Duruşma sonunda mahkeme heyeti davanın tek tutuklu sanığı Kılıç’ın tahliyesine karar verdi. Ancak Kılıç’ın tahliyesi beklenirken gece geç saatlerde savcının tahliye kararına itiraz ettiği haberleri geldi.Tahliye kararı veren heyetin kararda usul ve yasaya aykırı bir yön bulmaması nedeniyle itiraz, aynı gün bir üst mahkeme olan İstanbul 36. Ağır Ceza Mahkemesi’nce incelendi. Savcının talebini kabul eden 36. Ağır Ceza Mahkemesi, Kılıç’ın tutuklanmasına yönelik yakalama emri çıkarılmasına karar verdi ve Kılıç tutuklu bulunduğu İzmir Aliağa Şakran Cezaevi çıkışında gözaltına alındı.

Bugün ise dosya ve İstanbul 36. Ağır Ceza Mahkemesi’nin verdiği tutuklamaya yönelik yakalama kararı yargılamayı yürüten İstanbul 35. Ağır Ceza Mahkemesi’nce görüşüldü. Kılıç, duruşmaya dün olduğu gibi yine İzmir’den SEGBİS’le bağlandı ve mahkemenin bir gün önce verdiği tahliye kararında direnmesini istedi. Ancak 35. Ağır Ceza Mahkemesi üst mahkemenin kararının bağlayıcı olduğunu belirterek Taner Kılıç’ın tutuklu yargılanmasına karar verdi.

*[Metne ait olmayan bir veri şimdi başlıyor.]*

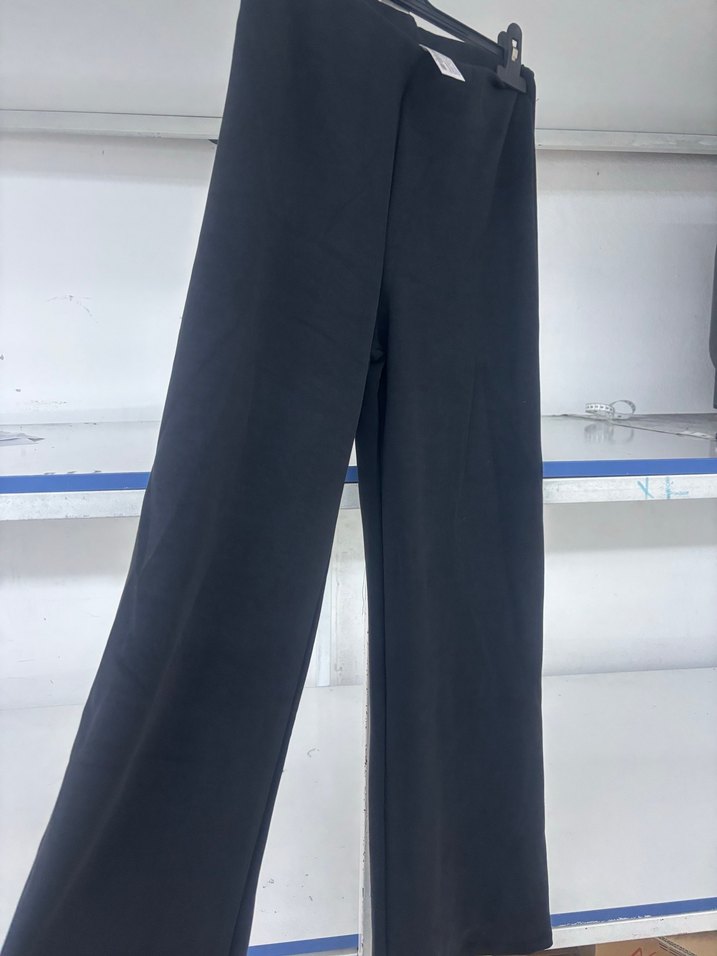 Kadınlar için siyah kumaş pantolon, regular fit ve midi boyda, yumuşak sentetik kumaştan üretilmiştir. Ofis kullanımı için uygun sade ve desensiz tasarıma sahiptir.

Davada şimdiye kadar neler yaşandı?

İstanbul Büyükada'da stres, travma ve digital güvenlik konuları üzerine gerçekleştirdikleri toplantı sırasında gözaltına alınan, aralarında yabancı temsilcilerin de bulunduğu 11 kişinin,  "silahlı terör örgütlerine yardım etme" ve "silahlı terör örgütüne üye olma” suçlamalarıyla yargılandığı davanın üçüncü duruşması, 31 Ocak'ta İstanbul 35. Ağır Ceza Mahkemesi'nde görüldü.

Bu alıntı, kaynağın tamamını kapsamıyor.